Veinticuatro horas en la vida de un alcalde

Mañana hace un siglo de que Ángel López Pérez retira su dimisión, aclamado por los lucenses

SUMADO EL TIEMPO de sus cuatro mandatos no da más allá de diecisiete años, aunque en la memoria de los lucenses, Ángel López Pérez (Lugo, 1873) figura como alcalde único de la primera mitad del siglo XX. Quizá por eso se le nombra mandatario a perpetuidad, pues de ese modo nadie se equivoca diciendo que en tal o cual fecha él era alcalde o dejaba de serlo.

Narciso Correal le llama taumaturgo “de un pueblo antiguo precintado por murallas” al que convierte en “una ciudad histórica que mira de frente al porvenir”. No está mal traído.

En 1920, Antonio de Cora se pasa 12 horas a su lado para contar a los lectores de El Progreso qué hace su querido alcalde. Las otras doce horas lo deja tranquilo para que se meta en la cama sin el agobio de tener un periodista mirándole como un búho. En realidad fueron muchas más horas, porque uno y otro compartieron trabajos, no solo desde sus distintos cometidos, sino dentro del mismo equipo de gobierno municipal.

Don Ángel comienza la jornada reuniéndose con los vocales de la Junta municipal de asociados. Finalizado este primer encontronazo con la realidad ciudadana, el hombre se traslada a su despacho e inicia otra ronda de problemas que le exponen de uno en uno el contador de fondos, el oficial mayor, el arquitecto, el jefe de la guardia y algunos de los concejales; ni todos, ni siempre los mismos.

Una tercera fase mañanera es el turno para vecinos, amigos, enemigos, contratistas de servicios municipales, un vendedor de la plaza de abastos, el que venga… Suenan timbres desde el hospital, desde la casa de Beneficencia, desde donde sea. El alcalde los atiende a todos, sin que por ello desista de empujarlos suavemente hacia la salida para ir librándose de su presencia. Eso sí, tras asegurarse que se van sin rechistar porque están satisfechos de haber sido atendidos. O quizá no, pero con la cortesía por delante.

A las dos se acaba la larga mañana y a las tres ya está don Ángel entre el corrillo de amigos en su tertulia del Círculo. Es el momento en el que enciende un habano delante del café. “Entonces habla de todo, mientras procura conservar la ceniza del puro todo el tiempo posible… Cuando ya la inestabilidad de la ceniza se hace inevitable, deposita D. Ángel cuidadosamente aquel rollito gris sobre el velador, entre las tazas, y juega con él y con la lumbre del cigarro que va camino de consumirse”.

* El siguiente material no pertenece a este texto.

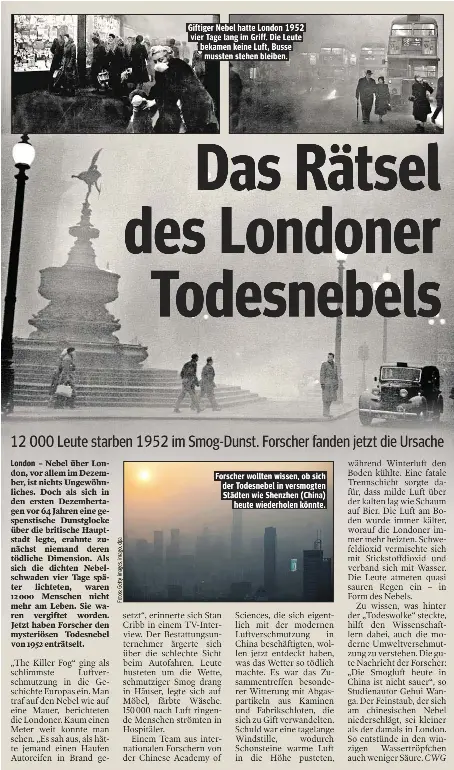 In December 1952, London experienced a catastrophe As depicted in the Netflix series The Crown (which last year aired on Chinese streaming sites) the disaster seemingly came out of nowhere, as sunny blue skies suddenly gave way to a choking, blinding, fog that enveloped the city and was more severe than anything many had seen before Lack of visibility brought normal life to a halt, with. Mystery of London's killer fog solved Researchers reveal how chemicals combined to form acidic haze that killed 12,000 in 1952 The deadly 1952 event is thought to have caused more than 12,000 deaths. Via Historycom Heavy smog begins to hover over London, England, on December 4, 1952 It persists for five days, leading to the deaths of at least 4,000 people It was a Thursday afternoon when a highpressure air mass stalled over the Thames River Valley When cold air arrived suddenly from the west, the air over.

A las cuatro brinca del sillón y comienza un recorrido por las obras en marcha. El periodista cita la plaza de Santa María, el arco de Castelar, los Jardines de San Fernando, la instalación de nuevas lámparas eléctricas, el proyecto del hospital de Santa María y la calle de la Alameda. Va de una a otra y en todas se comporta de la misma forma, interesándose por su avance y por los problemas, grandes o pequeños, que les afecten.

Dice el reportero: “Goza mirándolo todo”. Pero por si al lector pudiese parecerle liviana la carga del munícipe, añade que en cada traslado de un punto a otro, don Ángel aprovecha para comprobar si el guardia se encuentra en el lugar asignado, si el barrendero pasó la escoba demasiado deprisa por una acera, si la alcantarilla está tupida, o si de un rosal falta una flor, y de ahí surge la leyenda de que el alcalde tiene en su cabeza el número exacto de rosas que hay en su ciudad, que ha de ser un dato tan hagiográfico como lo del mirlo blanco, pero bien le llega a este señor al que los lucenses piden por aclamación que retire su dimisión como alcalde, hace mañana un siglo exacto de ello.